Automating Nagios service checks via SSH

by Rudd-O published 2006/09/17 06:00:00 GMT+0, last modified 2013-06-26T03:24:18+00:00
Nagios can let you sleep sound at night. Here's a collection of tips you can use to make its services even better.

Hello! Here's a nifty article on the Server management series. Today, we'll learn how to automate Nagios service checks via SSH, even when the remote server does not support password-less (key-based) SSH logins.

We'll cobble a lot of technologies together in order to achieve this amazing feat. While no experience is required with most of the technologies we'll be using, you'll need to be proficient in configuring Nagios. I'm also assuming you already have a Nagios instance up, running and operational.

Beware that this guide will require you to either generate SSH keys inside the Nagios home directory, or save your SSH password for the remote server in a file -- the second choice is not awfully secure. These keys and files will, however, be unreadable to anyone except the Nagios service checker -- not even the Web interface has access to it. I consider this an acceptable compromise under the circumstances, but you may not.

Without further ado, here's the guide.

Why this guide?

Now, what prompts me to do this guide? Of course, it's an itch to be scratched. My home computer runs Nagios, and I've set it up to periodically check for the health of the Apache service that runs this site, because it tends to go haywire and very slow during traffic storms.

The check_http Nagios plugin does work. So why don't I use it? Because it doesn't work as I intended. This is better explained by live example.

Most Nagios plugins are simple command-line programs which accept two timeout threshold arguments: the warning and the critical threshold. They report back the success, failure, warning or critical status to the Nagios server in a line of text.

This makes for powerful, modular server supervision and testing. Remote testing of service health is a piece of cake: once you've set it up, it's fire and forget (until any problem with the server arises). In this particular case, Nagios periodically runs the check_http plugin, which times the response time of the Apache server; if the service takes too long to respond, Nagios issues a WARNING or a CRITICAL message to me.

Of course, in a perfect world, air poses no resistance, cows are perfectly round, and network congestion is a non-issue. But my computer is at 18 high-latency hops from the server I'm checking. To boot, I usually have a BitTorrent client open and, no matter now much tuning you do, that kind of traffic breeds congestion.
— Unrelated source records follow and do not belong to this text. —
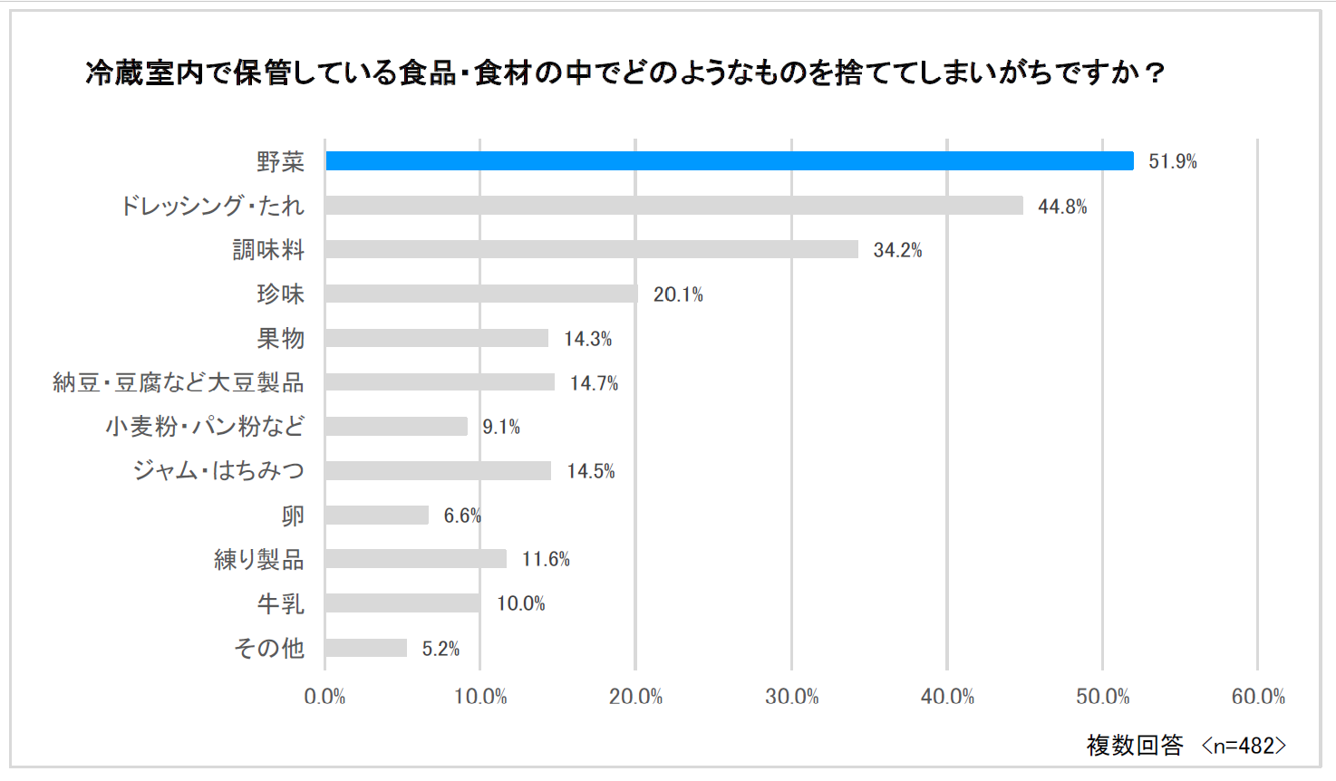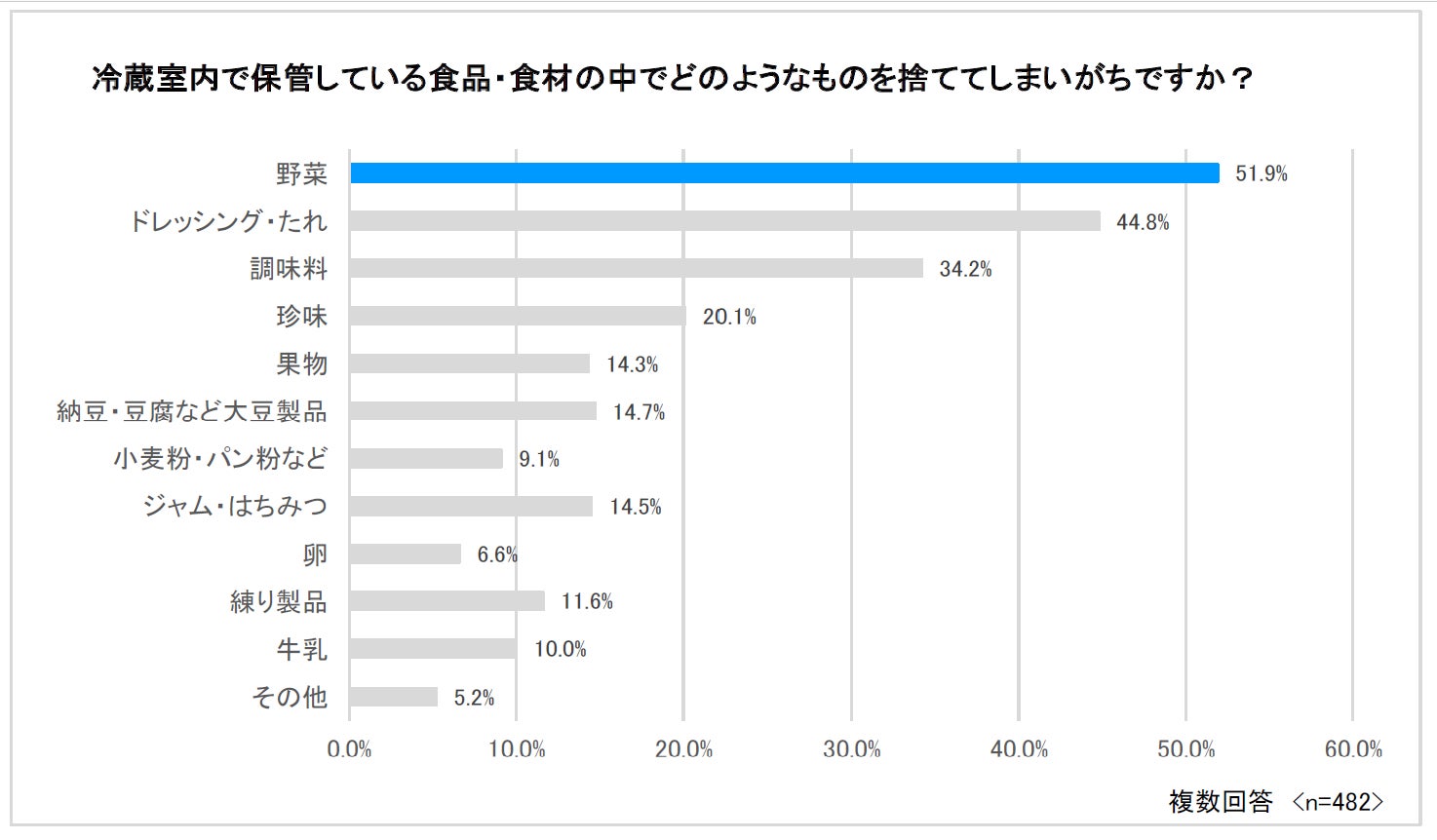 - 冷蔵庫内で保管している食品・食材のうち、廃棄されているものの1位は野菜(51.9%)、2位はドレッシング・たれ(44.8%)、3位は調味料(34.2%)。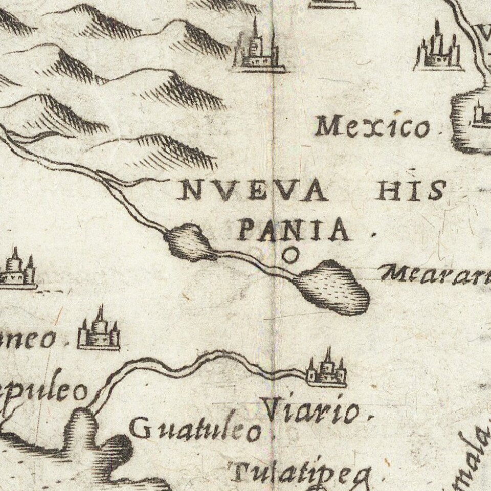 While the map does illustrate some major cities in Mexico—including one labeled “Mexico”, which was formerly the Aztec city of Tenochtitlan—it does not acknowledge the presence of indigenous peoples who predated Spanish settlement.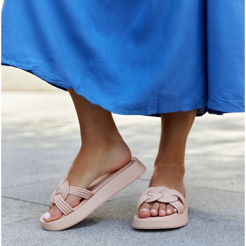 Plubky se vyznačují neutrální béžovou barvou, která se snadno shoduje s různými letními stylizacemi. Díky patě 3 cm nabízejí jemné pohodlí při chůzi a jejich hladká gumová podešev poskytuje dobrou adhezi, což z nich dělá praktickou volbu pro každý krok.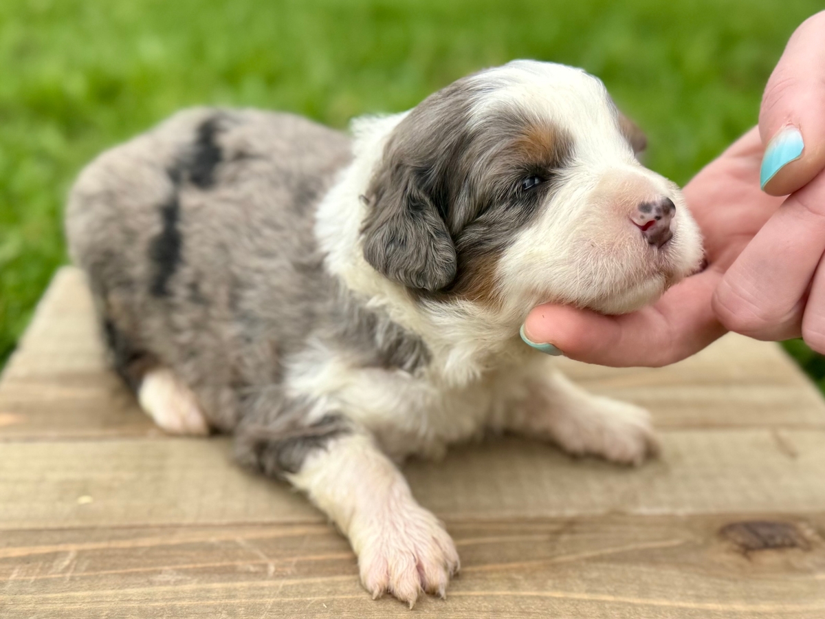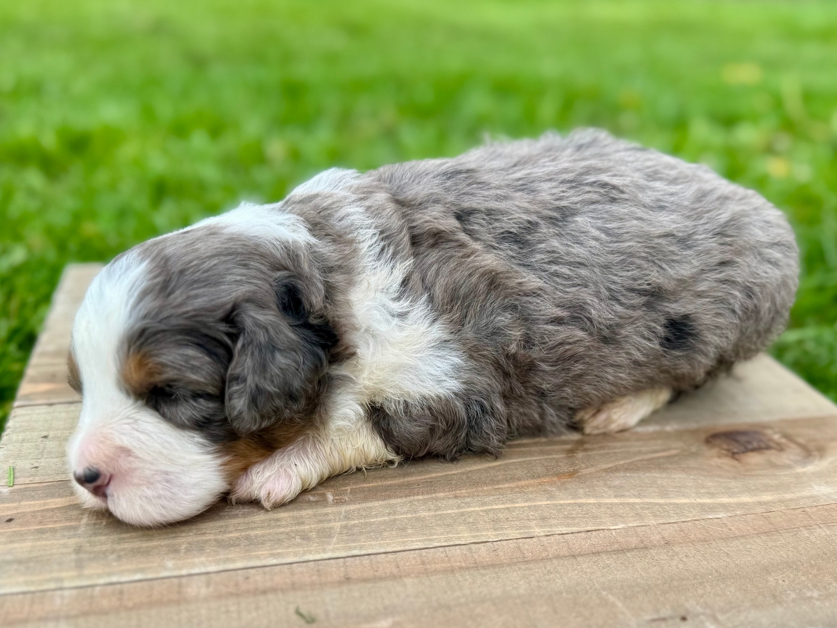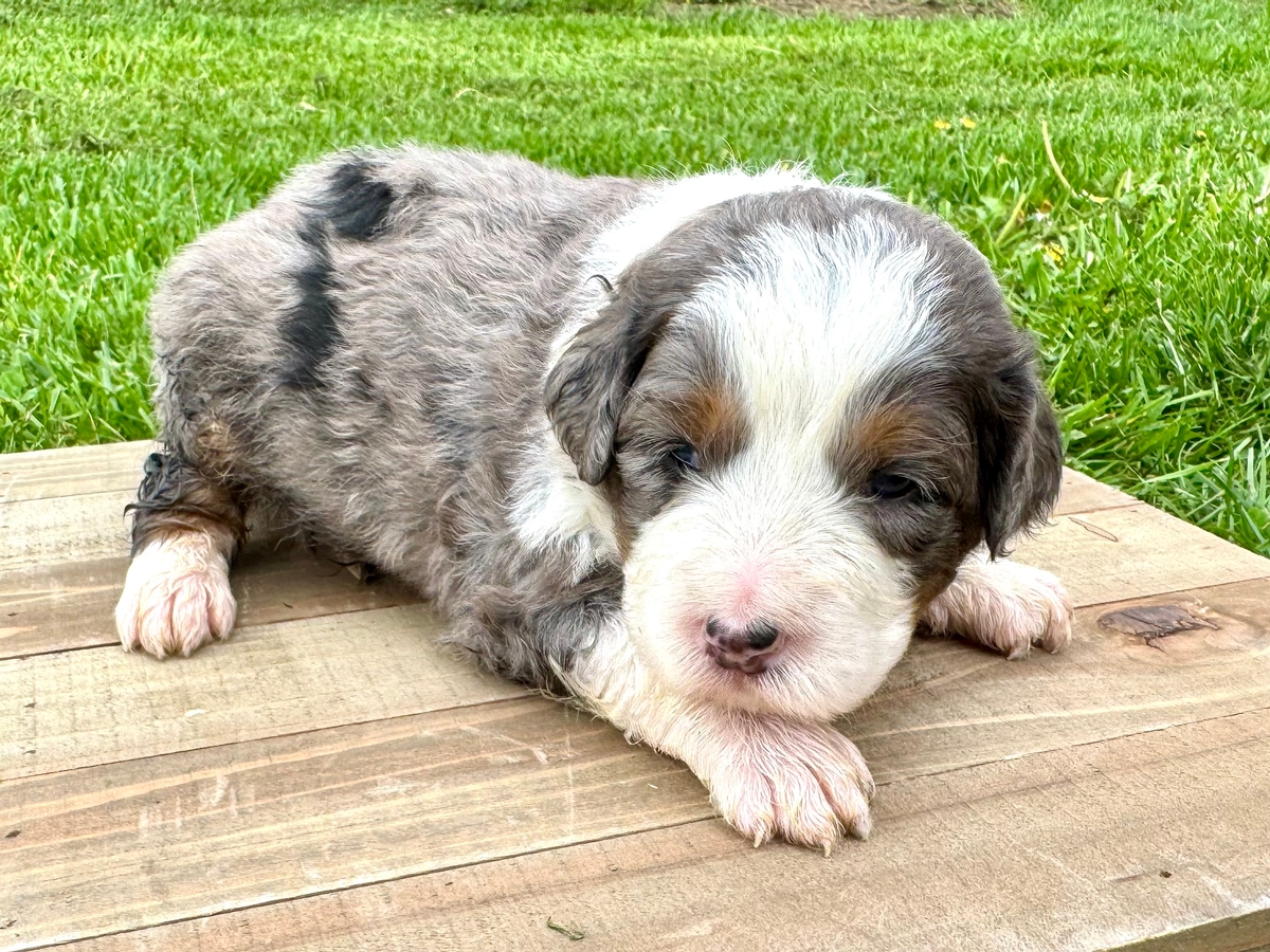 Reserved for Jonah C. from Nebraska! This Mini Bernedoodle puppy will be ready to go to its new home on Tuesday, June 2nd, 2026! Will be up to date on shots and wormings.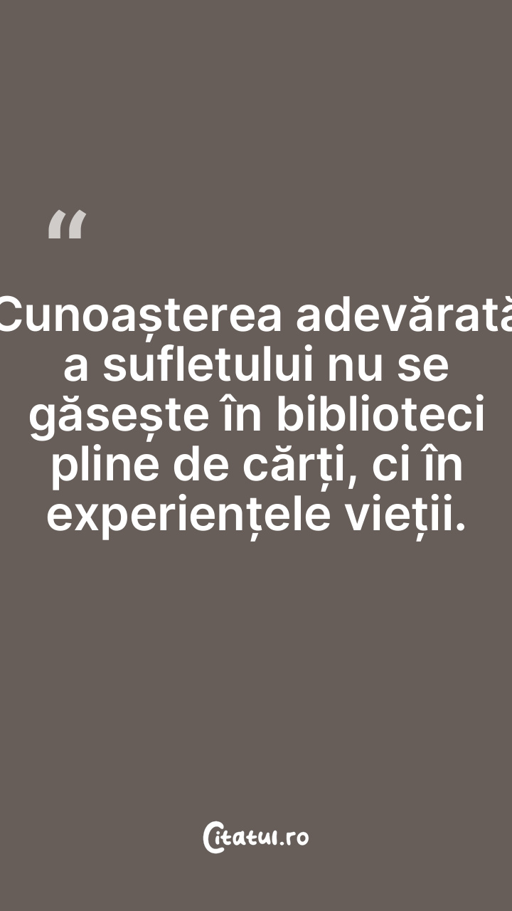 Cunoașterea adevărată a sufletului nu se găsește în biblioteci pline de cărți, ci în experiențele vieții.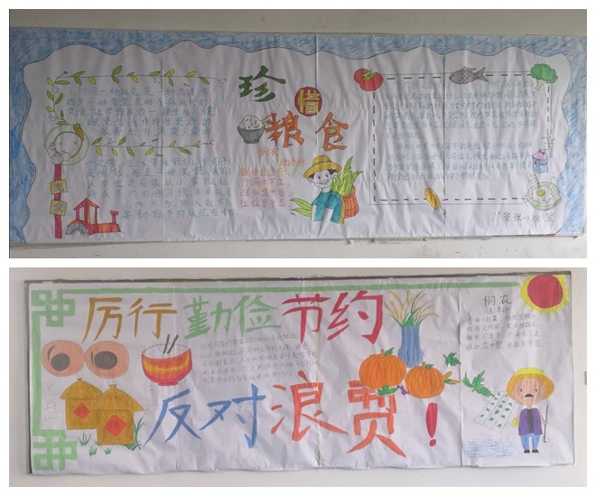 班级板报是厉行节约工作的重要宣传窗口之一。活动中,各个班级积极筹划,认真查阅、收集有关粮食现状的资料,精心选材并设计版面,绘制出一幅幅主题鲜明、图文并
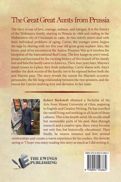 The story is one of love, courage, sadness, and intrigue. It is the history of the Wehmeyer family, starting in Prussia in 1866 and ending in the Midwestern city of Cincinnati in 1960. As two elderly sisters deal with their individual problems of aging, Carrie, the younger sister, begins the saga by sharing with her five year old great-great nephew Alex, the heroic past of his ancestors in the Austro-Prussian War as it involves the inception of the International Red Cross. The boy hangs on every word, proud and fascinated by the exciting history of this branch of his family tree and how the family came to America. Then, four years later, Mayme's mind crosses to a place Alex finds unfamiliar. Carrie shares with Alex's mother the dark secrets of the family, not to be exposed before both she and Mayme pass. The story reveals the reason for Mayme's eccentric personality, the life-long relationship between the two spinsters, and the reason for Carrie's undying love and devotion to her sister.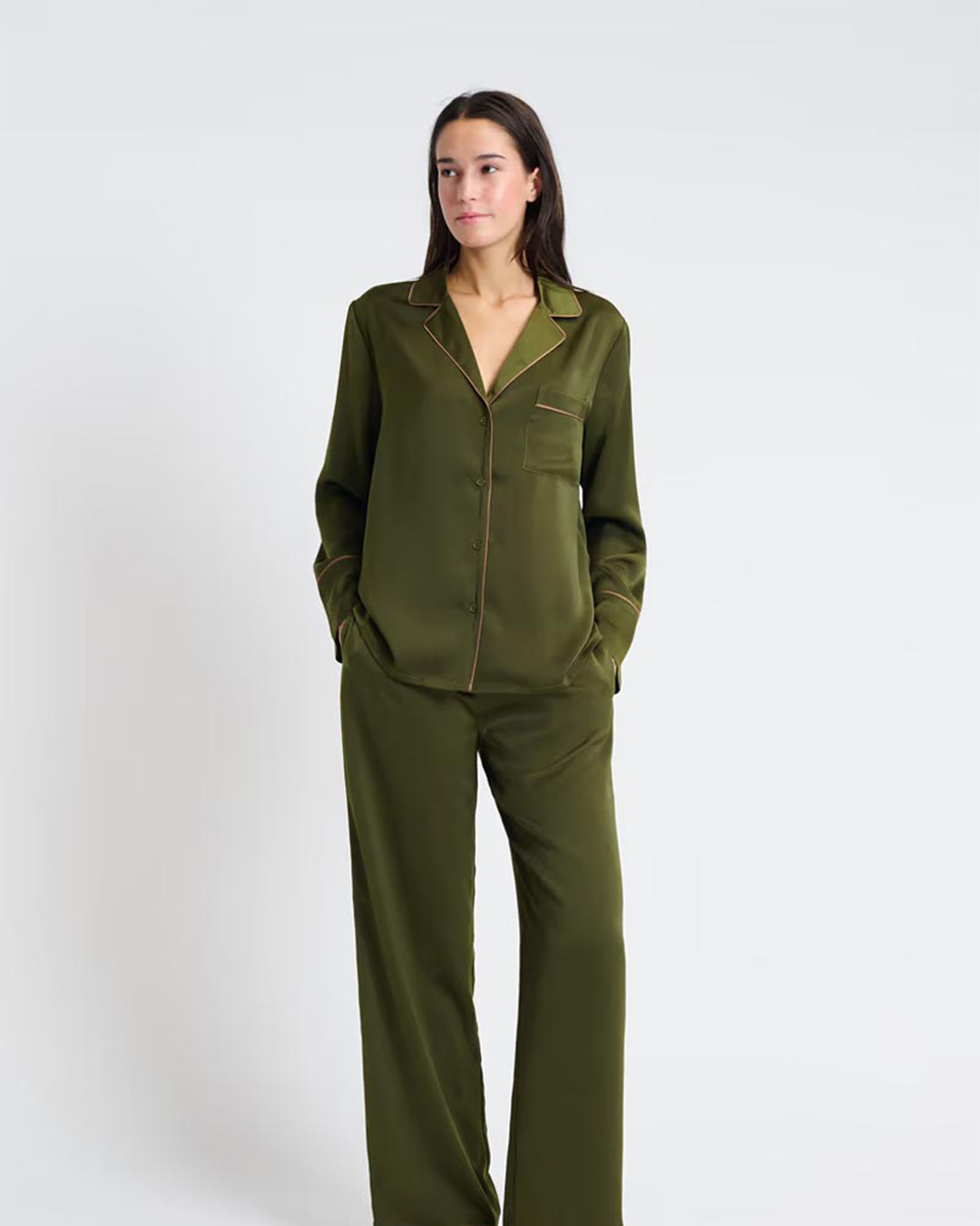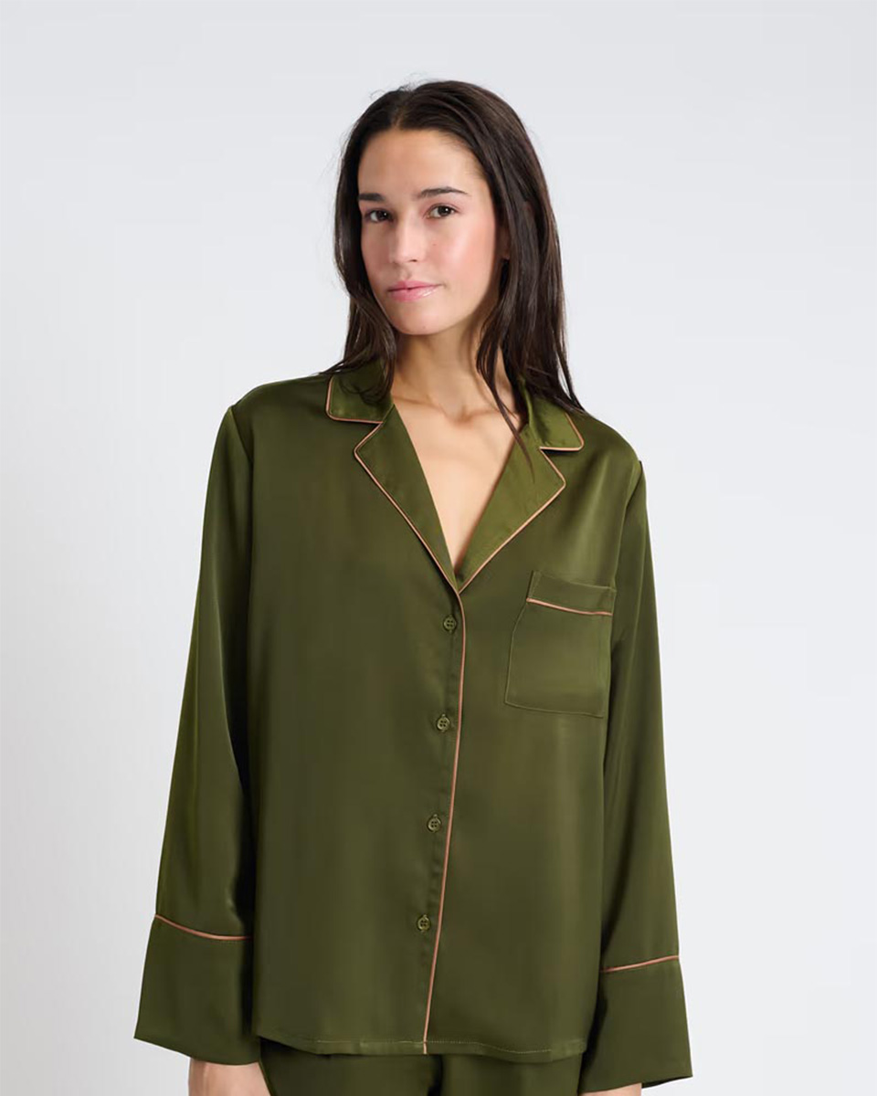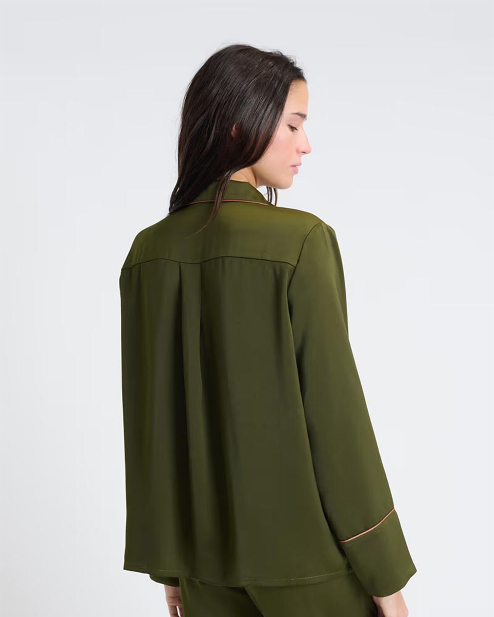 “Elegant and refined, this long-sleeved satin pyjama shirt is enhanced with contrasting piping. It offers a fluid cut for soft and light nights.”

While the service itself may be serving one page in 0.5 seconds, Nagios usually reports times above 10 seconds (in my book, that's CRITICAL).

So check_http, as shipped, is useless to me -- I cannot reliably determine if my remote host is truly slow, or if it's just me.

The solution: time server response times directly at the source

With that in mind, I set out to find a solution. And the first one that sprang to mind is the one that I implemented. Basically, running check_http directly on this server would yield good timing information, and drastically cut back on warnings. And you can run check_http via SSH, which is an even better proposition.

Keep reading to find out how I did it.

"Installing" check_http on the server

I could not install Nagios on the remote server, because it lacks a compiler, I don't have the root password and, besides, I'm too busy to go foraging for software and installing it. Damn.

Would copying the check_http binary suffice? As it turns out, it didn't. Lots of library errors, because my binary was linked against a different version of OpenSSL and the GNU C library. Damn. See for yourself:

[rudd-o@amauta2 ~]$ nagios/bin/check_http
   nagios/bin/check_http: error while loading shared libraries: cannot open shared object file: No such file or directory
Solution to this problem: the brute-force way. I copied the binary, the GNU C library, the OpenSSL libraries and the program that runs ELF binaries. Check this out:
[rudd-o@amauta2 ~]$ pwd
   [rudd-o@amauta2 ~]$ ll nagios/bin nagios/lib
   total 56
   -rwxr-xr-x  1 rudd-o rudd-o 50660 Sep 16 23:25 check_http

   total 3168
   -rwxr-xr-x  1 rudd-o rudd-o  120352 Sep 16 23:31
   -rwxr-xr-x  1 rudd-o rudd-o 1247272 Sep 16 23:28
   -rwxr-xr-x  1 rudd-o rudd-o 1572400 Sep 16 23:30
   -rwxr-xr-x  1 rudd-o rudd-o  279384 Sep 16 23:26
Great, now it's time to make it run. Keep reading.

Making check_http run properly on the remote server

OK, time to turn to the LD_LIBRARY_PATH trick. This tells the system to look for libraries in the directory where I copied them first.

[rudd-o@amauta2 ~]$ export LD_LIBRARY_PATH=$HOME/nagios/lib
[rudd-o@amauta2 ~]$ nagios/bin/check_http
nagios/bin/check_http: relocation error: /home/rudd-o/nagios/lib/ symbol dltls_get_addr_soft, version GLIBC_PRIVATE not defined in file with link time reference

Relowhat? I couldn't run check_http directly, since the linker is linked against version 2.2 of the C library, and the program is linked against version 2.4. Damn.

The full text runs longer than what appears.